Working with nano-influencers has proven successful for several well-known companies, including Mac Cosmetics, Clinique, Dyson, Dove, and Gett.
That’s why marketers and advertisers care less about a blogger’s follower count and more about their engagement rate, story and video views, link swipe-ups, link clicks (if any), and the manner an influencer communicates with their audience.
So, if the number of followers is becoming less of an indicator of influence, does this herald the advent of the nano influencers?
As compared to micro-influencers, who are nano-influencers and what sets them apart?
There are a lot of new terms to learn: influencers, unfluencers, micro-influencers, nano-influencers, and so on. In contrast to the previous two occurrences, the distinction between micro- and nano-influencers may at first seem obscure.
Nano-influencers, in a nutshell, are those with a following of less than 5,000 highly-engaged people.
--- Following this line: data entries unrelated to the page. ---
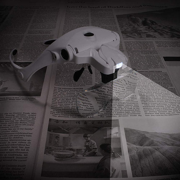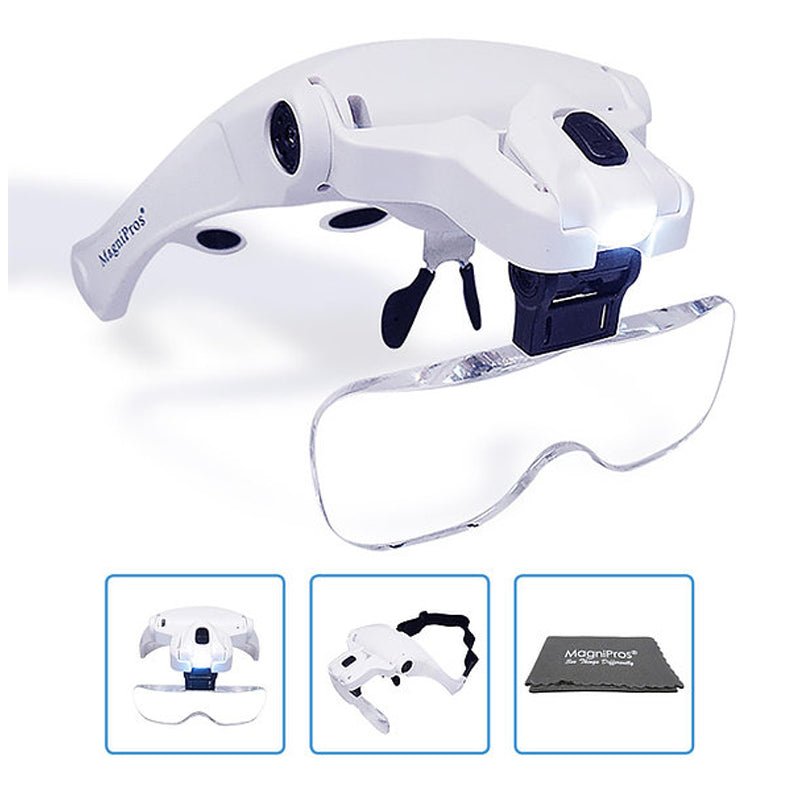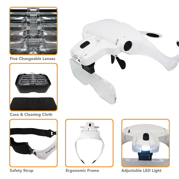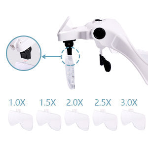 Illuminated Headband Magnifier Visor & 5 Detachable Lenses 1X,1.5X,2X,2.5X,3.5X
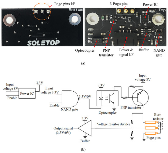Figure 6a,b illustrate the electrical system of the three-pogo pin-based mechanisms. For mechanism activation, the input voltage on the electrical circuit path to the resistor was applied to 8V, although the electrical components were supplied at 3.3 V. The optocoupler (PC817) [27] transmits electrical signals by light between two electrically isolated circuits, thus preventing high-voltage electrical malfunctions in the circuit. The power cutoff function on the mechanism is accomplished instantly after the deployment of the solar panel with the electrical circuit shown in the block diagram without employing a microcontroller unit (MCU).
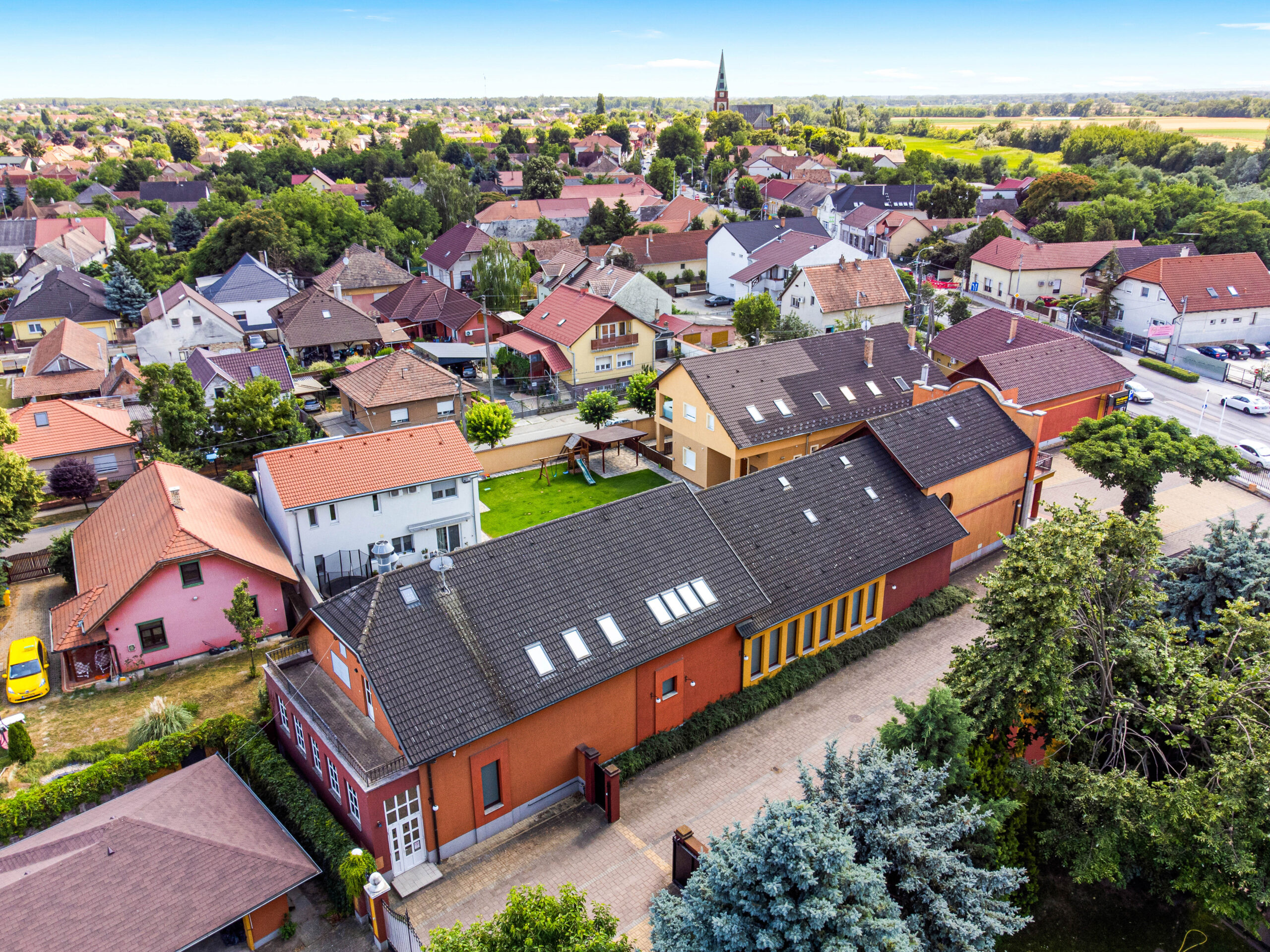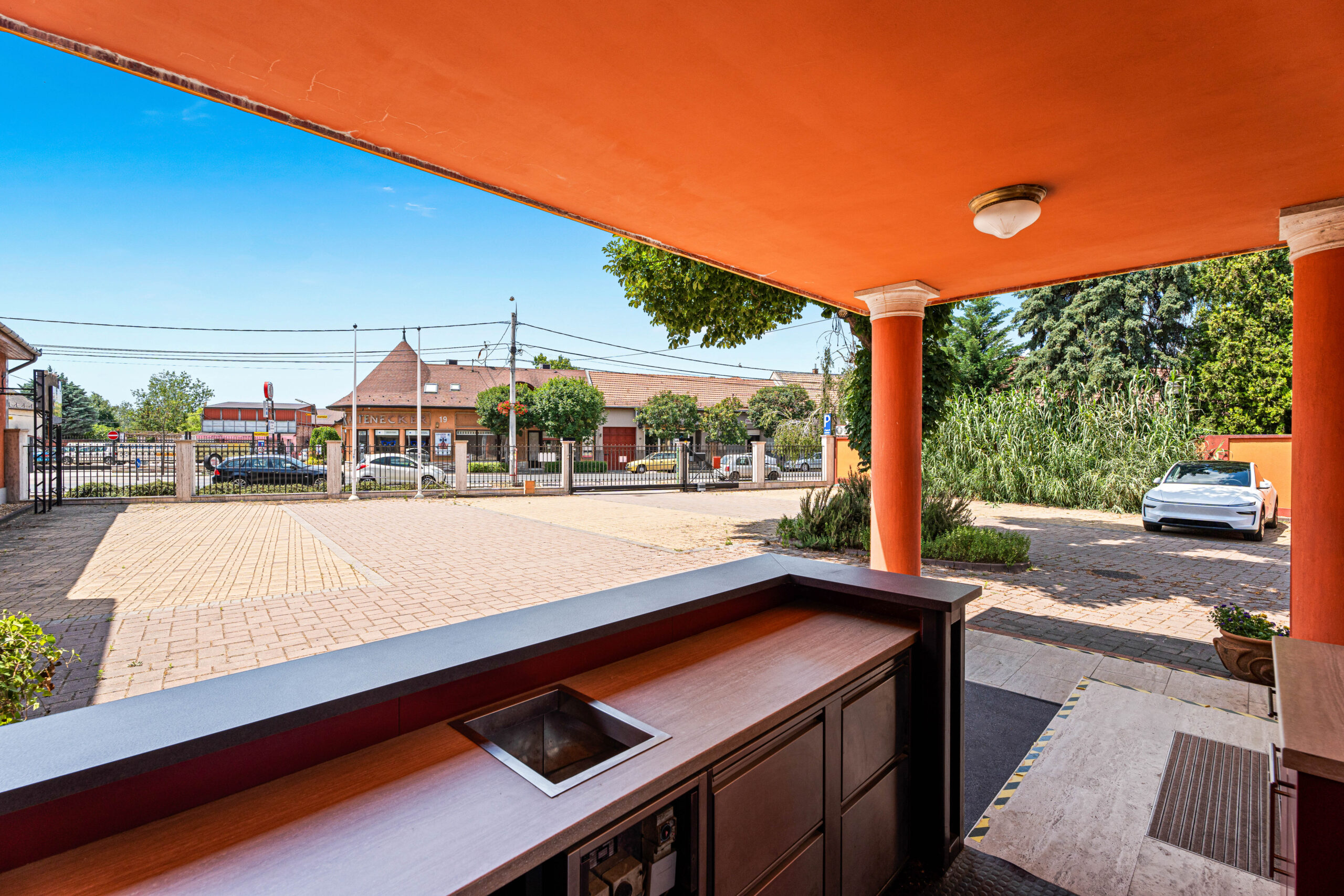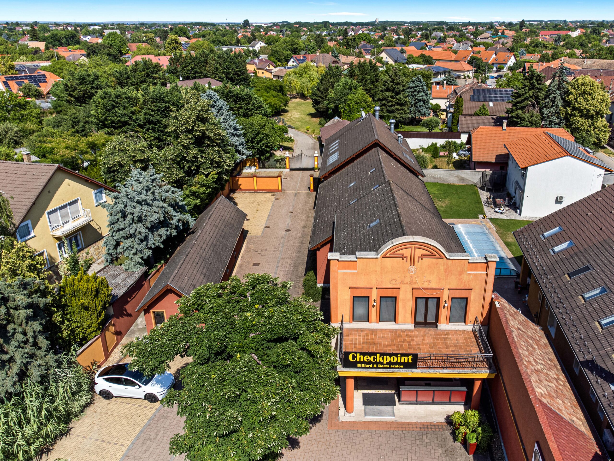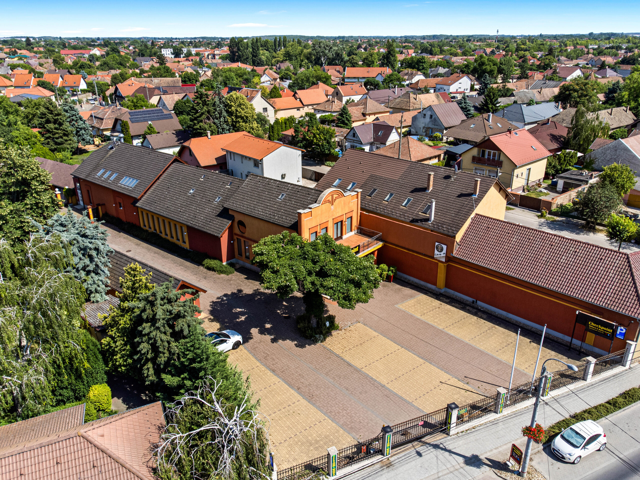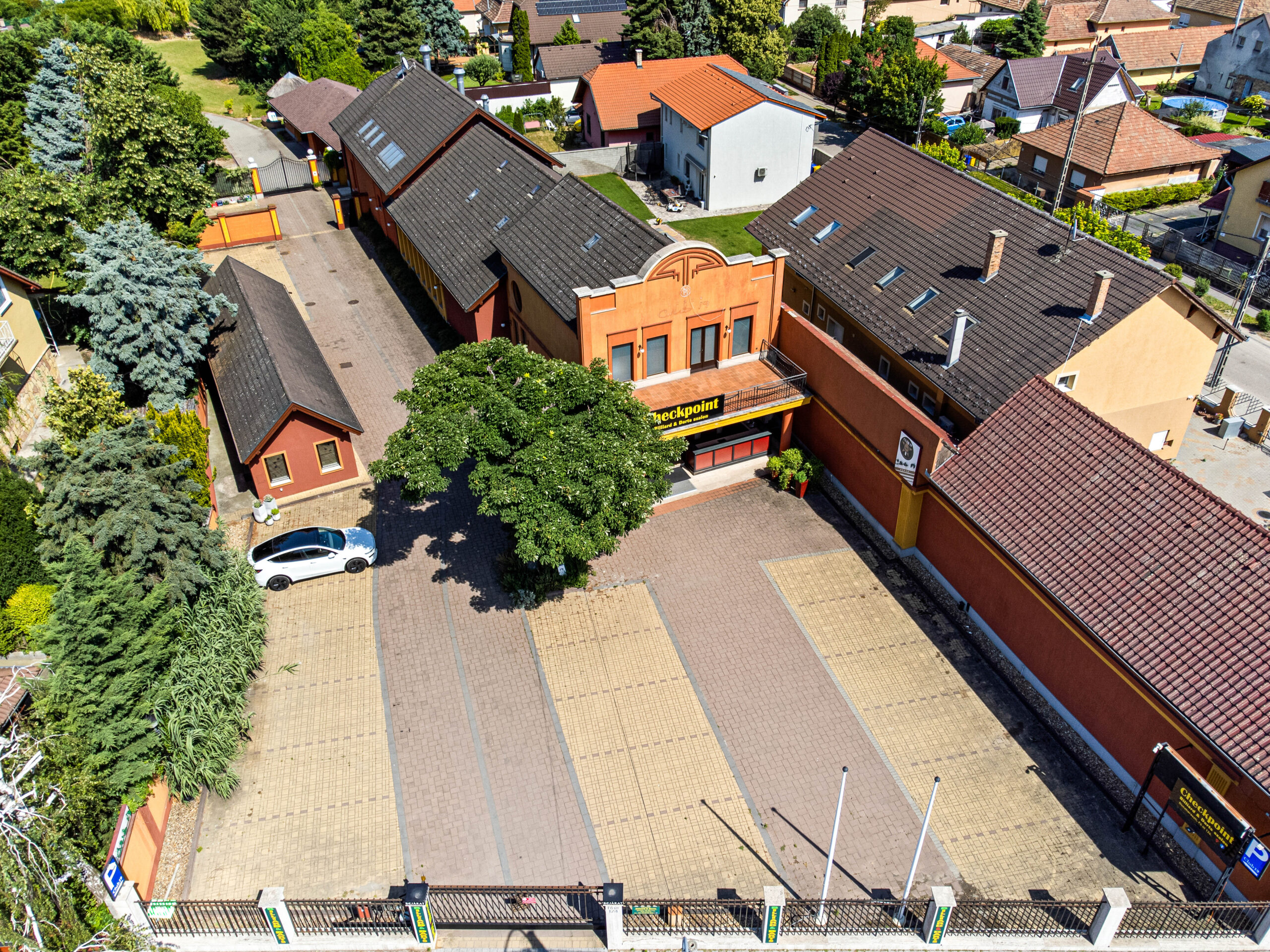 A hozzá tartozó telek 2076m2-ével gondoskodik a megfelelő parkolóhelyek számáról.

Friends, acquaintances, relatives, and fans that genuinely like their material tend to be among their most engaged fans.
What’s the Big Deal About Nano-Influencers?
This is no longer a numbers game thanks to nano-influencers. Without their audience is actively participating, an influencer has no real power. The level of participation is one indicator, but there are others.
While it’s easy to buy likes and comments, savvy marketers are instead paying attention to how an influencer interacts with their audience, or lack thereof.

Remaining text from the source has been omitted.